PEEM: Prompt Engineering Evaluation Metrics for Interpretable Joint Evaluation of Prompts and Responses

TL;DR

Overall, PEEM provides a reproducible, criterion-driven protocol that links prompt formulation to response behavior and enables systematic diagnosis and optimization of LLM interactions.

Abstract

Prompt design is a primary control interface for large language models (LLMs), yet standard evaluations largely reduce performance to answer correctness, obscuring why a prompt succeeds or fails and providing little actionable guidance. We propose PEEM (Prompt Engineering Evaluation Metrics), a unified framework for joint and interpretable evaluation of both prompts and responses.

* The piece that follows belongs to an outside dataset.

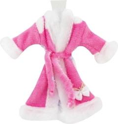 Halātiņam ir apdare no maigas mākslīgās kažokādas, ērts piegriezums ar platākām piedurknēm un tas der parasta izmēra vidēja lieluma lellēm. Lielisks papildinājums bērnu istabai, kas veicina fantāziju un lomu spēles.
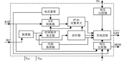 首先,由振蕩器和內(nèi)部振蕩器共同作用到時(shí)鐘脈沖發(fā)生器,產(chǎn)生時(shí)鐘信號,用來控制D/A轉(zhuǎn)換、-ΔV運(yùn)算器及其他有關(guān)單元電路,并使之同步工作。該充電芯片在中斷充電電流期間進(jìn)行采樣,以求采樣的精確。采樣電壓從腳4(BAT)進(jìn)入電路內(nèi)部,經(jīng)A/D轉(zhuǎn)換后送入-ΔV運(yùn)算器處理,并將運(yùn)算結(jié)果送入充電控制單元,隨時(shí)控制充電過程。

PEEM defines a structured rubric with 9 axes: 3 prompt criteria (clarity/structure, linguistic quality, fairness) and 6 response criteria (accuracy, coherence, relevance, objectivity, clarity, conciseness), and uses an LLM-based evaluator to output (i) scalar scores on a 1-5 Likert scale and (ii) criterion-specific natural-language rationales grounded in the rubric. Across 7 benchmarks and 5 task models, PEEM's accuracy axis strongly aligns with conventional accuracy while preserving model rankings (aggregate Spearman rho about 0.97, Pearson r about 0.94, p < 0.001). A multi-evaluator study with four models shows consistent relative judgments (pairwise rho = 0.68-0.85), supporting evaluator-agnostic deployment. Beyond alignment, PEEM captures complementary linguistic failure modes and remains informative under prompt perturbations: prompt-quality trends track downstream accuracy under iterative rewrites, semantic adversarial manipulations induce clear score degradation, and meaning-preserving paraphrases yield high stability (robustness rate about 76.7-80.6%). Finally, using only PEEM scores and rationales as feedback, a zero-shot prompt rewriting loop improves downstream accuracy by up to 11.7 points, outperforming supervised and RL-based prompt-optimization baselines. Overall, PEEM provides a reproducible, criterion-driven protocol that links prompt formulation to response behavior and enables systematic diagnosis and optimization of LLM interactions.
Paper Structure (52 sections, 4 equations, 2 figures, 30 tables, 2 algorithms)

This paper contains 52 sections, 4 equations, 2 figures, 30 tables, 2 algorithms.

Figures (2)

  • Figure 1: Comparison of traditional metrics and our proposed approach, PEEM. (a) Accuracy evaluates only whether the final answer is correct (e.g., "15"); (b) exact match (EM) requires the response to be identical to the reference answer. Both metrics ignore the reasoning process and linguistic quality. (c) PEEM evaluates the complete response across multiple axes---including logical consistency, contextual relevance, and clarity---while providing interpretable rationales for each score.
  • Figure 2: Overview of PEEM. The framework operates in two stages: (a) Prompt Evaluation assesses the input prompt $P = p \oplus q$ across three axes (Clarity, Linguistic Quality, Fairness), and (b) Response Evaluation assesses the model output $a$ across six axes (Accuracy, Coherence, Relevance, Objectivity, Clarity, Conciseness). For each axis, the LLM-based evaluator produces both a numerical score and a natural language rationale explaining the assessment.